Опыт / Александр Ярошенко / Колумнисты

Жизнь учит крепко. Всегда боюсь людей, которые находят меня через социальные сети с воплями: «Вы наша последняя надежда»…

Жизнь учит крепко. Всегда боюсь людей, которые находят меня через социальные сети с воплями: «Вы наша последняя надежда»… Обычно обрываю этот пафос: говорю, что такие векселя мне давать не надо. Журналистика сегодня не та, что была в советские времена. И журналистов много. Разных.

Цинизм бытия заметно густеет. В декабре написала мне одна женщина… Споткнулся о фразу «про последнюю надежду», но ответил. Жалостливый текст был в ее послании о больном муже.

В одно из минувших воскресений поехал по указанному адресу: женщина сумела меня убедить, что, «пока я не увижу ее мужа, я ничего не пойму».

Тезисно: бездетная семейная пара, лет шестидесяти. С мужем три года назад случился тяжелый инсульт. 14 дней комы. Врачи вытащили его с того света. Сегодня он ходит с палочкой по квартире, сам себя обслуживает. Но не говорит.

Два часа она мне рассказывала про наше плохое здравоохранение, про жуткую государственную машину. Ни одного доброго слова не было сказано про врачей, ни единого светлого имени доктора моя визави не назвала. Все плохие. Но кто-то же ее мужа вывел из комы, кто-то же вытащил его с того света, кто-то же назначал и проводил адекватную терапию!
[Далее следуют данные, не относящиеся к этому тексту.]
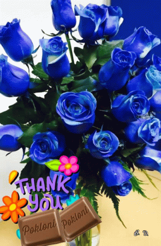 A beautiful bouquet of blue roses with a 'Thank You' message, accompanied by 'Pokloni' chocolates.

Это все списывалось на божье чудо, кивалось на Библию и прочее «царство неземное».

– Александр, вы же верующий человек? Я читала, что вы в Израиль ездили, – несколько раз вопрошала моя собеседница.

Отвечал, что речь сейчас не обо мне и, тем более, не о моей вере.

Из разговора понимаю, что их часто госпитализировали в различные больницы региона, много раз врачи шли навстречу – её тоже определяли в стационар, понимая, что больному себя обслужить трудно. Занедужившему назначена первая группа инвалидности. Бессрочно.

Ни одного доброго слова не было сказано про врачей, ни единого светлого имени доктора моя визави не назвала

Мне снова и снова рассказывались жуткие истории про врачей: «Постель заправили так, что он не мог на нее лечь; кровать стояла у окна, из которого дуло; врач пришла домой в то время, когда я в магазин ходила». Это самые серьезные прегрешения нашей не самой лучшей медицины.

У нее большая картонная коробка переписки с чиновниками от медицины, бесчисленных жалоб и ответов на них. Коробка пузатая, битком набитая, килограммов на десять.

– Я хочу, чтобы вы помогли нам попасть на Первый канал, к Малахову. Я туда писала несколько писем, ответа нет, – говорит визави.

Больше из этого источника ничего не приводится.